Lawrence v. State

Decision Date13 June 1928
Docket Number(No. 11902.)
Citation18 S.W.2d 181
PartiesLAWRENCE v. STATE.
CourtTexas Court of Criminal Appeals

Appeal from Criminal District Court, Dallas County; Grover Adams, Judge.

John Lawrence was convicted of murder, and he appeals. Affirmed.

John J. Fagan, Jed C. Adams, and Robert B. Allen, Sr., all of Dallas, for appellant.

William McCraw, Dist. Atty., Arch C. Allen, Sp. Prosecutor, and Andrew J. Priest, Asst. Dist. Atty., all of Dallas, and A. A. Dawson, State's Atty., of Austin, for the State.

MARTIN, J.

Offense, murder; penalty, 50 years.

Antecedent ill feelings existed between appellant and deceased, Jack Kimbell, due to the alleged intimate relations existing between appellant and the wife of deceased. On the day of the tragedy a difficulty ensued between deceased and his two brothers, on one side, and appellant, on the other, in which appellant was severely beaten and bruised. Going immediately to his place of business, a short distance away, after this difficulty, appellant returned at once with a rifle and shot and killed deceased.
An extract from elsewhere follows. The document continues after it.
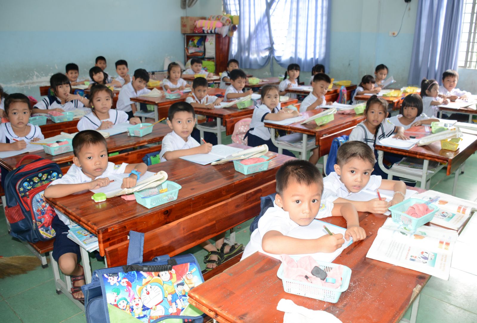 Trong giờ học ở Trường tiểu học thị trấn Dương Minh Châu- một trường đạt chuẩn quốc gia.

Appellant claims he was struck by deceased on the head with brass knucks during the difficulty above mentioned, which raised an issue of the presumption arising from the use of a deadly weapon by deceased, under article 1223, P. C. The refusal of a special charge properly presenting this matter is assigned as error. The language of article 1223 is as follows: "When the homicide takes place to prevent murder, maiming, disfiguring or castration, if the weapon or means used by the party attempting or committing such murder, maiming, disfiguring or castration are such as would have been calculated to produce that result, it is to be presumed that the person so using them designed to inflict the injury."

This is part of the law of justifiable homicide in Texas, and the language, "when the homicide takes place to prevent murder, * * * if the weapon or means used by the party attempting or committing such murder," etc., evidences plainly that the weapon must be actually used or attempted to be used in some way, and that the homicide took place to prevent its use or attempted use.
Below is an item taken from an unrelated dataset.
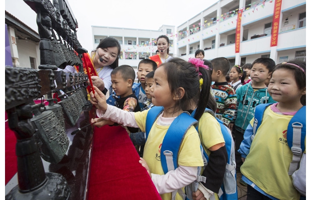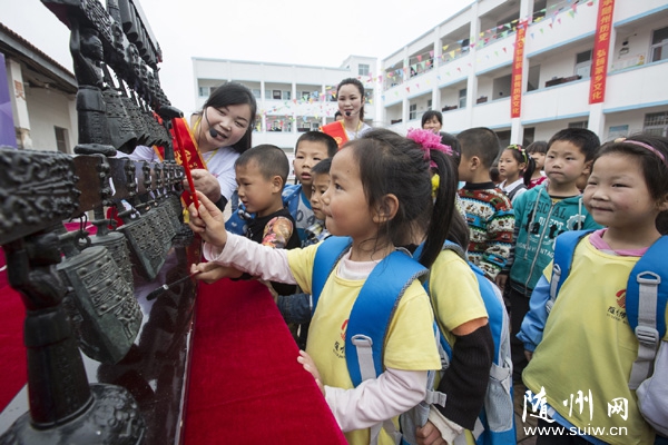 随州网讯 5月23日,随州博物馆“文化服务进校园”活动走进随县洪山镇朱集小学,让孩子们了解家乡的历史文化。图为孩子们在敲击编钟复制品。 (记者 徐斌 摄)

The evidence shows the appellant, after his return with a rifle, stood at a distance of about 80 feet from deceased and shot him, and there was no testimony that deceased was then using or attempting to use brass knucks, or that appellant thought he was, and shot to prevent such use, or threatened use. On the other hand, appellant testified: "When I raised the gun to stop them, they scattered, Jack ran to my left and the others to my right. * * * I had very much fear of being shot from this direction and also from that direction. * * * When he [deceased] came out from behind the automobile he just started on the sidewalk. * * * There were iron columns and brick columns in front of the building. * * * If Jack Kimbell had gotten behind a column over there, I could not have protected myself at all from both sides." This is sufficient to show he feared being shot, and that he had no reasonable grounds for a fear at the time of death or serious bodily injury from the use or threatened use of brass knucks.
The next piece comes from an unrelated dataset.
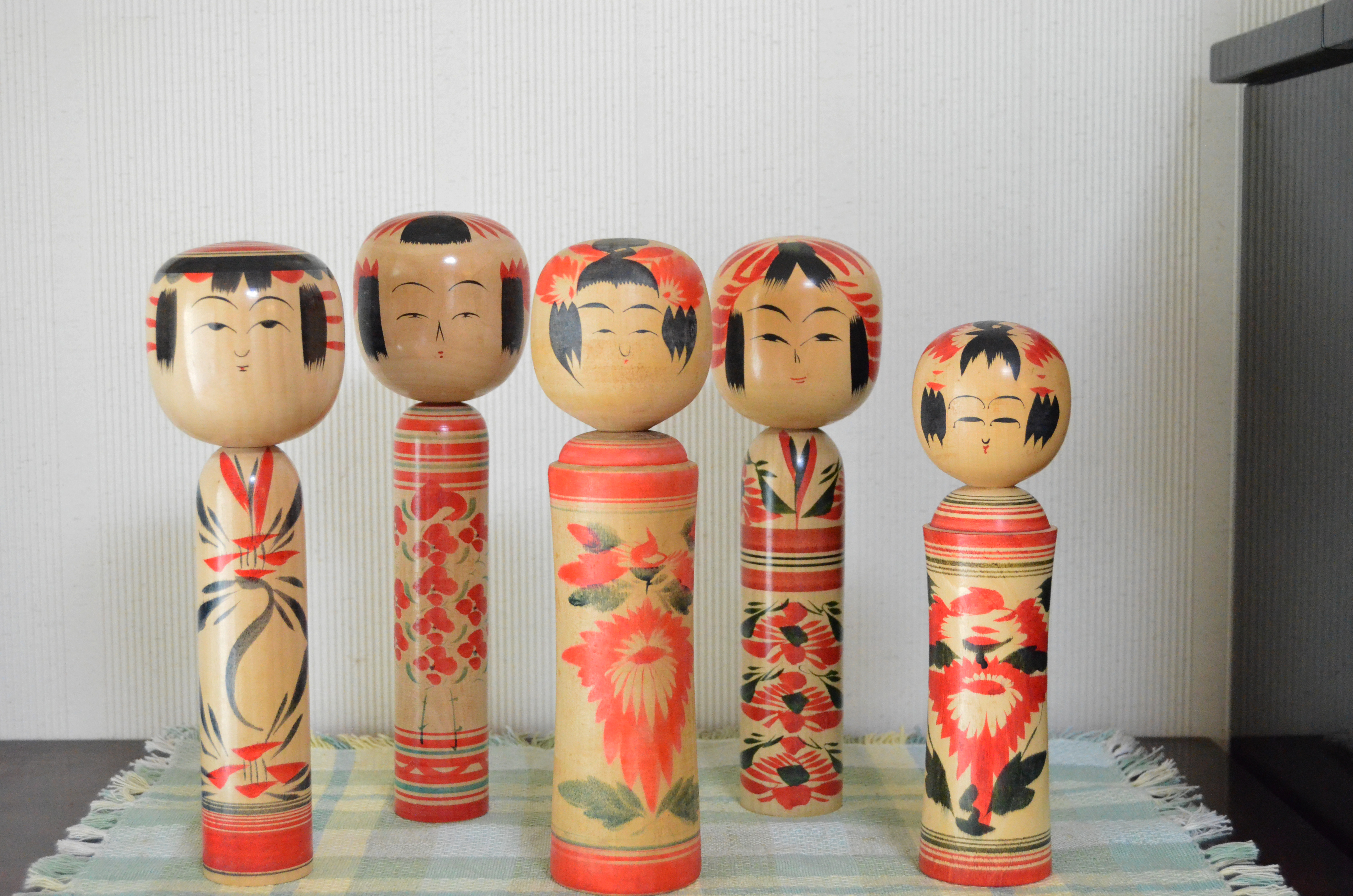 昭和レトロ・和風・伝統工芸品・民芸品・コケシ・お土産・郷土品・木彫り細工・人形・大家族・集団・密集・少子化・大勢・村人・田舎もん

A discussion of the place article 1223, P. C., occupies in the law of self-defense will be found in the recent case of Forrester v. State, 109 Tex. Cr. R. 361, 4 S.W.(2d) 966, the reasoning of which will illustrate in some measure the issue in this case. The cases of Jones v. State, 17 Tex. App. 612, Kendall v. State, 8 Tex. App. 569, Cooper v. State, 48 Tex. Cr. R. 36, 85 S. W. 1059, and Hudson v. State, 59 Tex. Cr. R. 650, 129 S. W. 1125, Ann. Cas. 1912A, 1324, in their reasoning and statement of the rule of law on the question under discussion, sustain our holding, we think, that the trial court's action in the instant case was correct.

The deceased filed a damage suit against appellant for alienation of his wife's affections a short time before the tragedy, and had citation served upon him. Copy of this citation so served was introduced by the state in evidence to show motive, and its purpose was so limited in the court's charge. Many objections were urged to its introduction, particularly that it was res inter alios acta. This citation, among other things, charges appellant with corrupting his wife, causing her to sue deceased for divorce, and of alienating her affections for deceased. The bill of exception presenting this matter must be appraised in its relation to the entire record. There are some apparent differences in the authorities on this question, due perhaps to differences in the proven facts to which such a question relates.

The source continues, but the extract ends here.